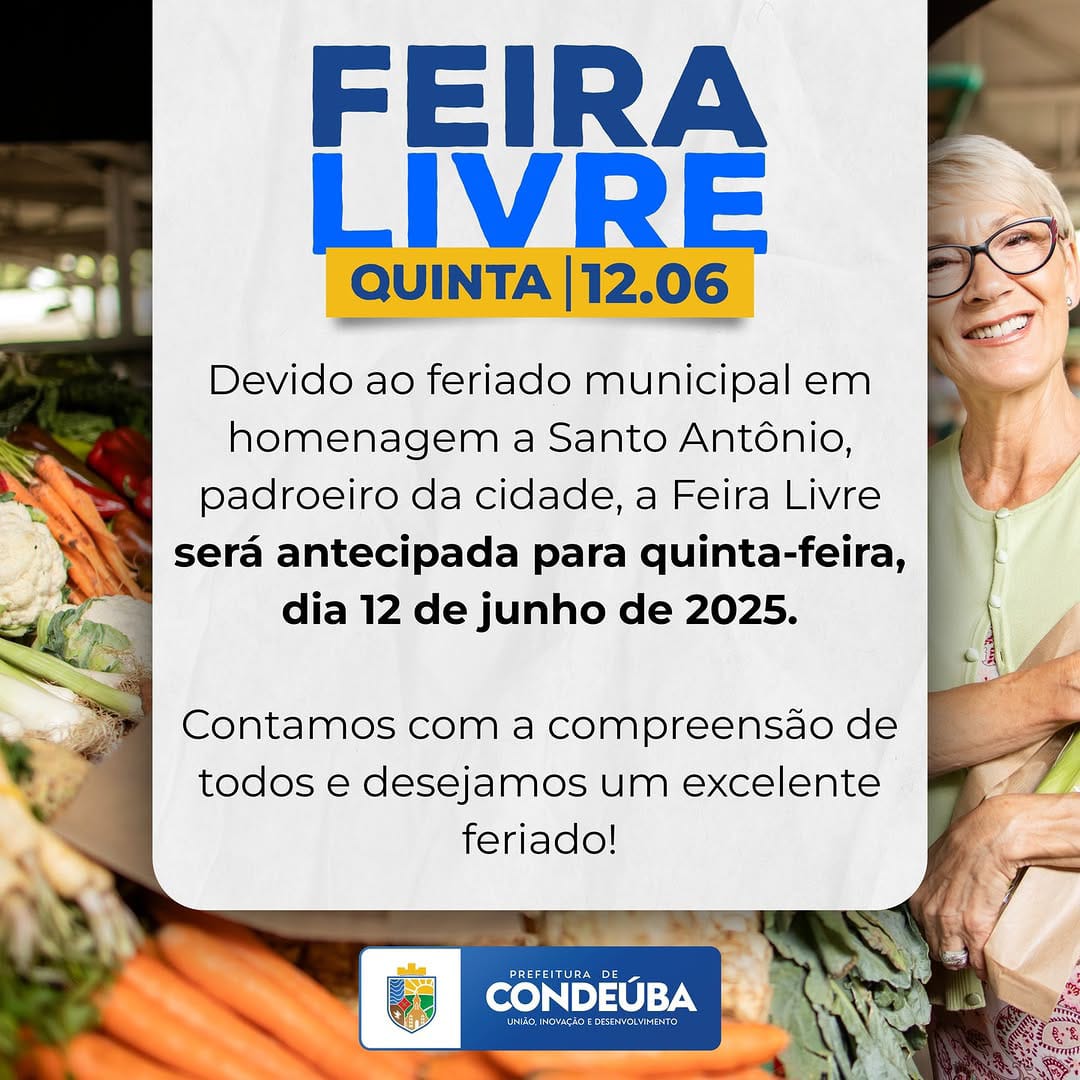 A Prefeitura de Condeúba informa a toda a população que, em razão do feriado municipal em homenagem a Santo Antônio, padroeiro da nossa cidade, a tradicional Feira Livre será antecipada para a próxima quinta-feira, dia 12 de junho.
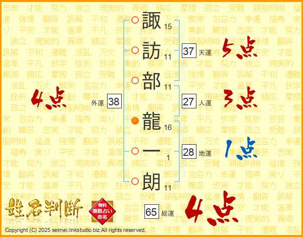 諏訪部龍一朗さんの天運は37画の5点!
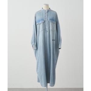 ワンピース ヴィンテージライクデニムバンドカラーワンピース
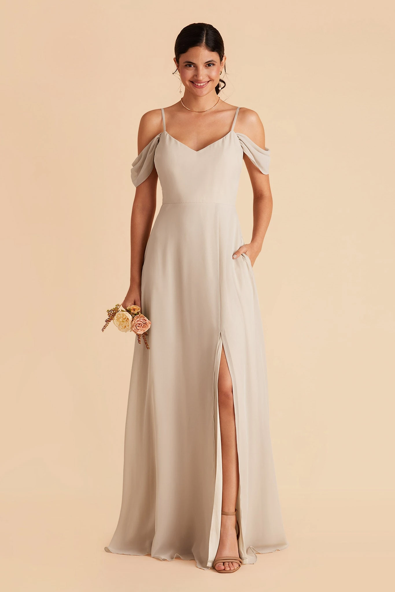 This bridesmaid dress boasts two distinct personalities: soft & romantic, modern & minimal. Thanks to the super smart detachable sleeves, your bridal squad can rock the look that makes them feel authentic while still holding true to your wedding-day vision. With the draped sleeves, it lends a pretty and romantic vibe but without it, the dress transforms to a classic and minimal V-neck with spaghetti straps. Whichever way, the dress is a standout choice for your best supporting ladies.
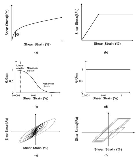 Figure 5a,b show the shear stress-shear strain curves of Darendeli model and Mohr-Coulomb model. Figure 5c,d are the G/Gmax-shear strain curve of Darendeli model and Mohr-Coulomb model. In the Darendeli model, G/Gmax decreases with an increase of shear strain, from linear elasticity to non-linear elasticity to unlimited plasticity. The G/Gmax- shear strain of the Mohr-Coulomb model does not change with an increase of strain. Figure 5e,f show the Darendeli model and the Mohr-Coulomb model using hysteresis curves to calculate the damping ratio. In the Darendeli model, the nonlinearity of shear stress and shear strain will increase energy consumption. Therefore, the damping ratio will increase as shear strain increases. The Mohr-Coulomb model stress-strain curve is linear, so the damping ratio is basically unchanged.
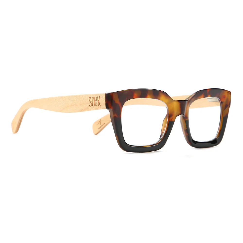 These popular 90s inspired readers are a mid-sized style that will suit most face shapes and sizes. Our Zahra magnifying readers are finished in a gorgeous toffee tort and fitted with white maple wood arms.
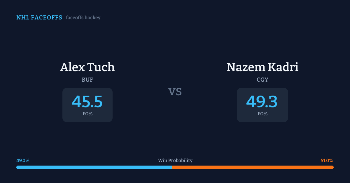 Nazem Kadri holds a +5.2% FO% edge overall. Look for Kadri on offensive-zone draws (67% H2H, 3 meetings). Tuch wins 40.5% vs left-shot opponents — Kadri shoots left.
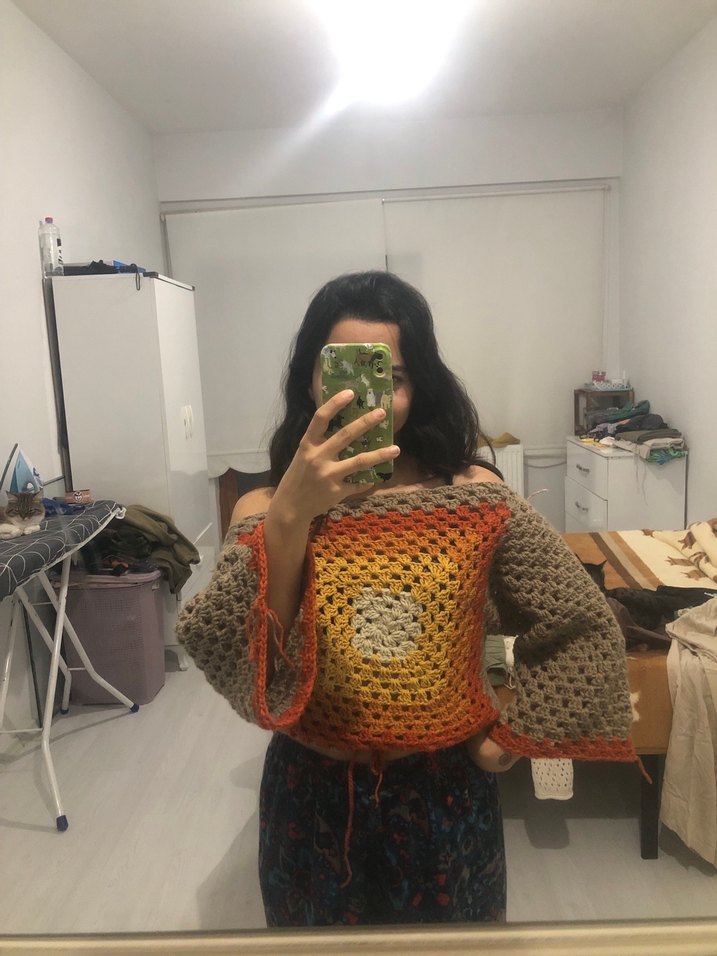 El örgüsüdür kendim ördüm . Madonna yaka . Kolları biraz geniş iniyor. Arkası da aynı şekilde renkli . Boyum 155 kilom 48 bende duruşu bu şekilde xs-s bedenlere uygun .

__________

» **Problem description**:
Exclude the pictures, then retype every record exactly.

» **Answer below**:
 A Prefeitura de Condeúba informa a toda a população que, em razão do feriado municipal em homenagem a Santo Antônio, padroeiro da nossa cidade, a tradicional Feira Livre será antecipada para a próxima quinta-feira, dia 12 de junho.
 諏訪部龍一朗さんの天運は37画の5点!
 ワンピース ヴィンテージライクデニムバンドカラーワンピース
 This bridesmaid dress boasts two distinct personalities: soft & romantic, modern & minimal. Thanks to the super smart detachable sleeves, your bridal squad can rock the look that makes them feel authentic while still holding true to your wedding-day vision. With the draped sleeves, it lends a pretty and romantic vibe but without it, the dress transforms to a classic and minimal V-neck with spaghetti straps. Whichever way, the dress is a standout choice for your best supporting ladies.
 Figure 5a,b show the shear stress-shear strain curves of Darendeli model and Mohr-Coulomb model. Figure 5c,d are the G/Gmax-shear strain curve of Darendeli model and Mohr-Coulomb model. In the Darendeli model, G/Gmax decreases with an increase of shear strain, from linear elasticity to non-linear elasticity to unlimited plasticity. The G/Gmax- shear strain of the Mohr-Coulomb model does not change with an increase of strain. Figure 5e,f show the Darendeli model and the Mohr-Coulomb model using hysteresis curves to calculate the damping ratio. In the Darendeli model, the nonlinearity of shear stress and shear strain will increase energy consumption. Therefore, the damping ratio will increase as shear strain increases. The Mohr-Coulomb model stress-strain curve is linear, so the damping ratio is basically unchanged.
 These popular 90s inspired readers are a mid-sized style that will suit most face shapes and sizes. Our Zahra magnifying readers are finished in a gorgeous toffee tort and fitted with white maple wood arms.
 Nazem Kadri holds a +5.2% FO% edge overall. Look for Kadri on offensive-zone draws (67% H2H, 3 meetings). Tuch wins 40.5% vs left-shot opponents — Kadri shoots left.
 El örgüsüdür kendim ördüm . Madonna yaka . Kolları biraz geniş iniyor. Arkası da aynı şekilde renkli . Boyum 155 kilom 48 bende duruşu bu şekilde xs-s bedenlere uygun .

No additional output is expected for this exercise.